Running Fluidsynth on a Raspberry PI Zero W

One of the reasons I’ve spent so much time experimenting with audio software on Raspberry Pis is to build standalone music sculpture. I want to make machines that explore time and texture, in addition to generating interesting music.

The first soft synth I tried was Fluidsynth. It’s one of the few that can run headless, without a GUI. I set it up on a Pi 3 and it worked great. It’s used as a basic General MIDI synthesizer engine for a variety of packages and even powers game soundtracks on Android.

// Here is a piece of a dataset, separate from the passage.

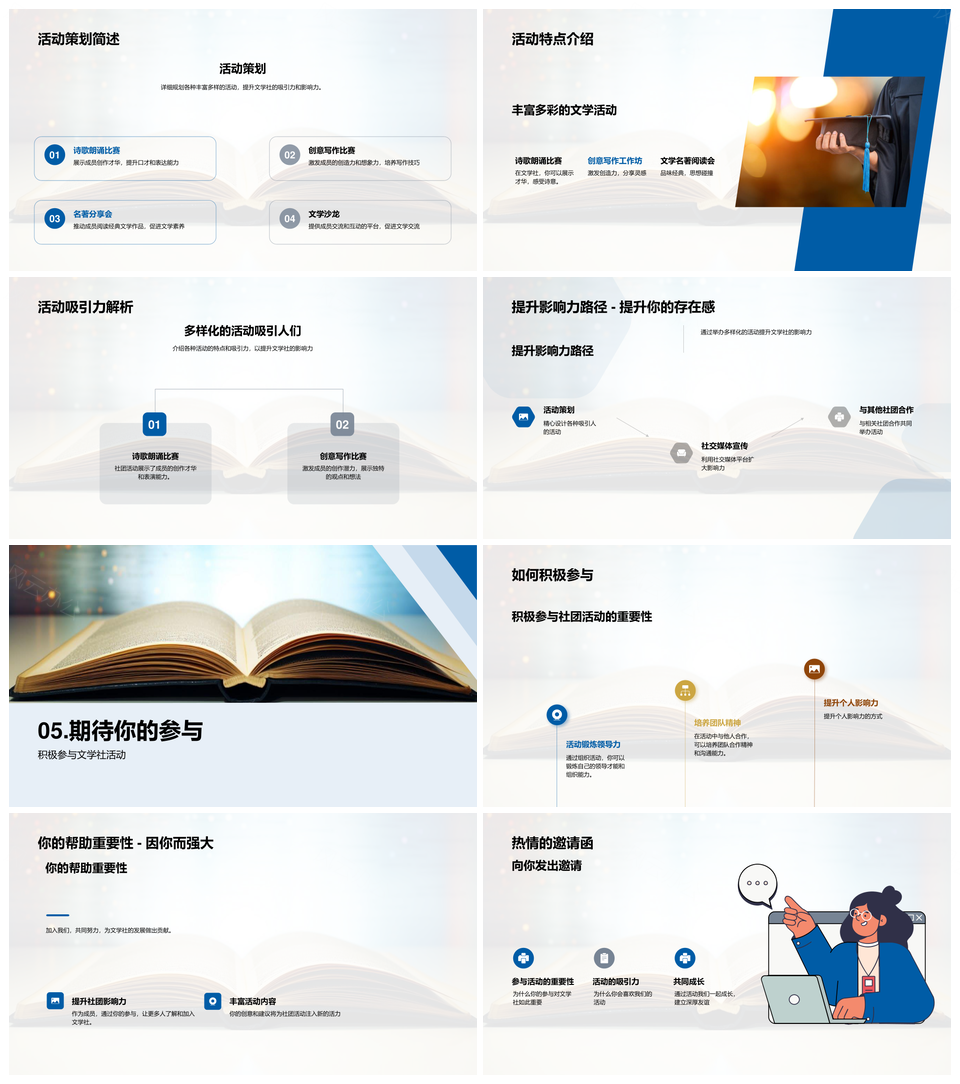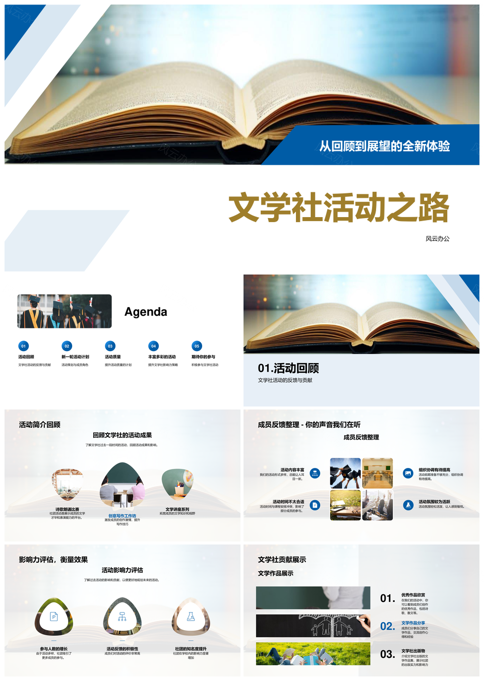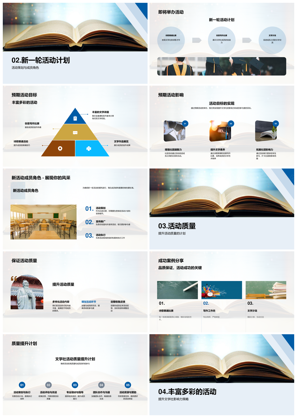 文学社活动回顾展望新计划提升质量影响PPT模板推荐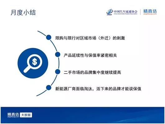 限购政策的“解禁”或“松绑”、限行条件更加严格对于区域市场的二手车外迁有着一定的刺激作用,或带来一阵二手车外迁小高峰。新车命名吸引眼球,产品延续性是关键,定价和命名都会对保值率产生影响。合资品牌集中度继续提高,优势富集效应明显,二手车交易量将会集中到一些保值率较高的品牌上。保值率较高的新能源车,同样需要产品的“延续性”。目前一些新势力厂商面临融资、交付等等各方面困难,先要活下来才能谈保值。

This video is a demo of the same sound set used in this project, but on an earlier iteration using a regular Raspberry Pi 3 and a Pimoroni Displayotron HAT. I ended up switching to the smaller Raspberry Pi Zero W and using a webapp instead of a display.

The sounds are not actually generated from scratch, like a traditional synthesizer. It draws on a series of predefined sounds collected and mapped in SoundFonts. The .sf2 format was made popular by the now defunct Sound Blaster AWE32 sound card that was ubiquitous on 90s PCs.

Back then, there was a niche community of people producing custom SoundFonts. Because of that, development in library tools and players was somewhat popular. Fluidsynth came long after, but benefits from the early community work and a few nostalgic archivists.

The default SoundFont that comes with common packages is FluidR3_GM. It is a full General Midi set with 128 instruments a small variety of drum kits. It’s fine for building a basic keyboard or MIDI playback utility. But, it’s not very high fidelity or interesting.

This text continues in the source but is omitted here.